Another main finding of this study is that no patients developed recurrence of AS. To the best of our knowledge, this is the first study to evaluate the recurrence of AS in detail using histopathological methods. Generally, recurrent glomerulonephritis or glomerulopathy may cause graft loss in kidney transplantation, but most nephrologists believe that patients with AS do not develop recurrence. However, several recent clinical and experimental studies have implied that GBM type IV collagen originates from podocytes recruited from the recipient’s bone marrow-derived cells, suggesting the possibility of recurrence of AS. For example, Abrahamson clearly demonstrated that α3α4α5 chains are produced only by podocytes, as evidenced by immunoelectron microscopic examination [10]. In human kidney transplantation research, Becker showed that recipient-derived podocytes were found in 4 of 8 biopsies, representing 3 of 6 patients, and that 5 of the 740 podocytes examined in the female-donated allograft were male-derived, using fluorescence in situ hybridization for the X and Y chromosomes [11]. In addition, Sugimoto et al. reported that bone marrow transplantation from wild-type mice to Alport model mice (COL4A3 −/−) improved the symptoms of AS and the level of protein produced from bone marrow-derived cells [12]. Therefore, we initially hypothesized that the podocytes of allografts can be replaced by recipient-derived podocytes that cannot synthesize α3α4α5 chains, resulting in deficiency of the GBM of allograft. However, we found that the structure of the GBM remained normal and that no deficiencies of the α5 chains in the GBM occurred, even long after kidney transplantation, suggesting that AS does not recur histologically. We speculated following two mechanisms for this phenomenon:1) a very small number of donor derived podocytes were replaced by recipient derived ones [11], or 2) podocytes injury is rare in recipients with AS, and both podocytes and GBM turnover was not evident [20‐22]. Additionally, only few recipients in Alport group showed hematuria in the latest examination (11.1%, Table 1), which further strengthen no histological recurrence of AS because electron microscopy might underestimate the presence of GBM changes of AS due to sampling bias.

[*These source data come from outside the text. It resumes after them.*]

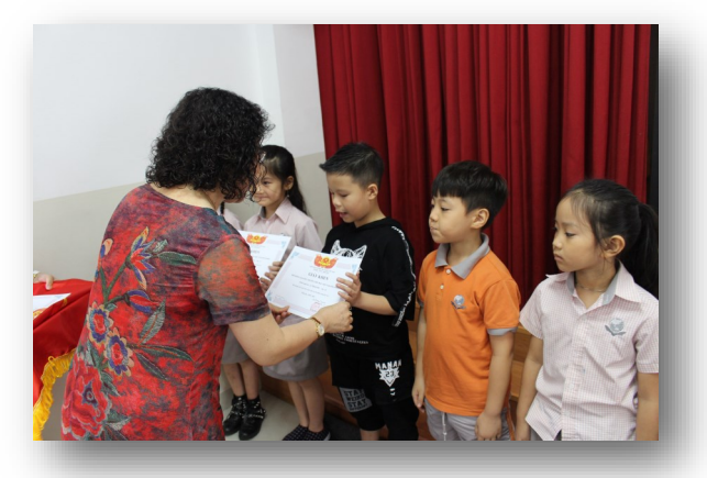
Students from 1 Integrated receiving awards from Madam Lien for good academic achievement in the Integrated Programme at our Vietnamese Assembly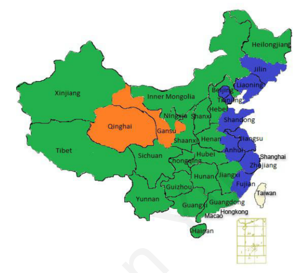
Figure 1: Rate of Returns of Chinese Regions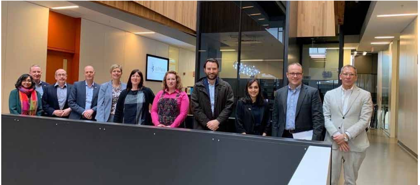
The UK delegation with colleagues from AdMare Bioinnovations and Health Canada

as part of the Government of Canada's Networks of Centres of Excellence 68 . CellCAN's mission is to improve the quality, safety and feasibility of cell and gene therapy in Canada through optimal manufacturing practices. The emphasis is on building a network, advancing regulatory standards, effective outreach, and positioning Canada as a world leader. There are parallels with some UK networks, in particular the ATMP Manufacturing Community (amc) 69 .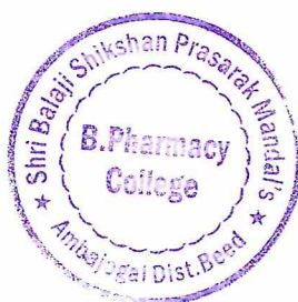
Signature of Co-ordinator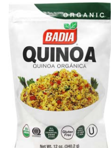
ORGANIC QUINOA - 00175 6/12 OZ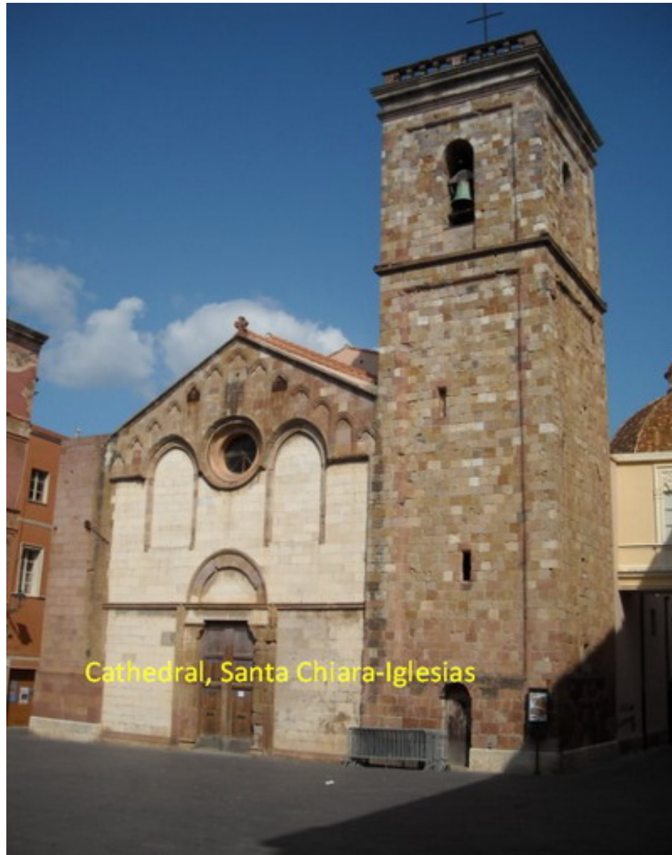
Cathedral, Santa Chiara-Iglesias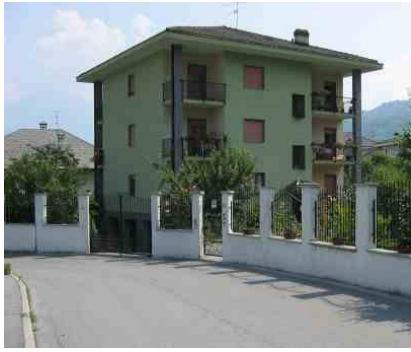
Our new apartment is on the ground floor

And since we found it directly (without using an agency) we saved almost $1,000 in agency fees. This apartment, combined with some “last minute” new supporters, means that we should now have enough support to at least “get by” for our second term. We are trusting the Lord to provide for any gaps – just as He did for our first term.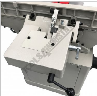
Adjustable Quick Action Tilt Fence Assembly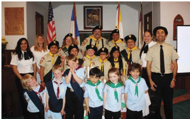
The Elko Pathfinders, Adventurers and Busy Beavers and their leaders were invested March 22.

had never been involved in Pathfinders, and even fewer had experience with Adventurers. Because the church members and parents chose to work together, the program is working.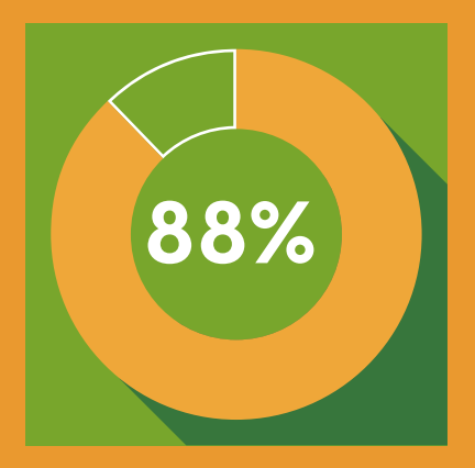
88% or 121 children in crisis remained in their foster/adoptive homes with the help of Family Works.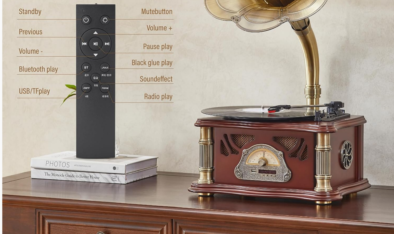
Figure 4: The included remote control for convenient operation.

Remote control is more intelligent When you enjoy a leisurely home life Bringing you a more relaxed adjustment method Convenient and fast

The strengths of this study include the selection of controls (propensity-score analysis with matching of six factors: recipient and donor age, number of transplants, donor-specific antibody positivity, donor resources, and era of transplantation) and longer observational periods than in previous reports (99.5 vs. 75.4 months) [15]. Limitations include the retrospective design, small sample size due to the rarity of AS, lack of genetic information, and performance of few allograft biopsies because the allograft function was relatively good, even long after kidney transplantation, in recipients with AS.

Our data demonstrate that graft survival in patients with AS is similar to that in patients with other primary diseases in the Japanese population. Careful selection of living donors is necessary for the successful management of kidney transplantation in patients with AS. Neither deficiency of the α5 chains (type IV collagen) nor GBM abnormalities were detected in the kidney allograft biopsies, indicating that AS recurrence was not present or was very limited in recipients with AS. Further pathological analysis with a longer follow-up to evaluate the possible recurrence of AS and transmission of thin basement membrane disease from affected relatives will contribute to a better understanding of kidney transplantation in patients with AS.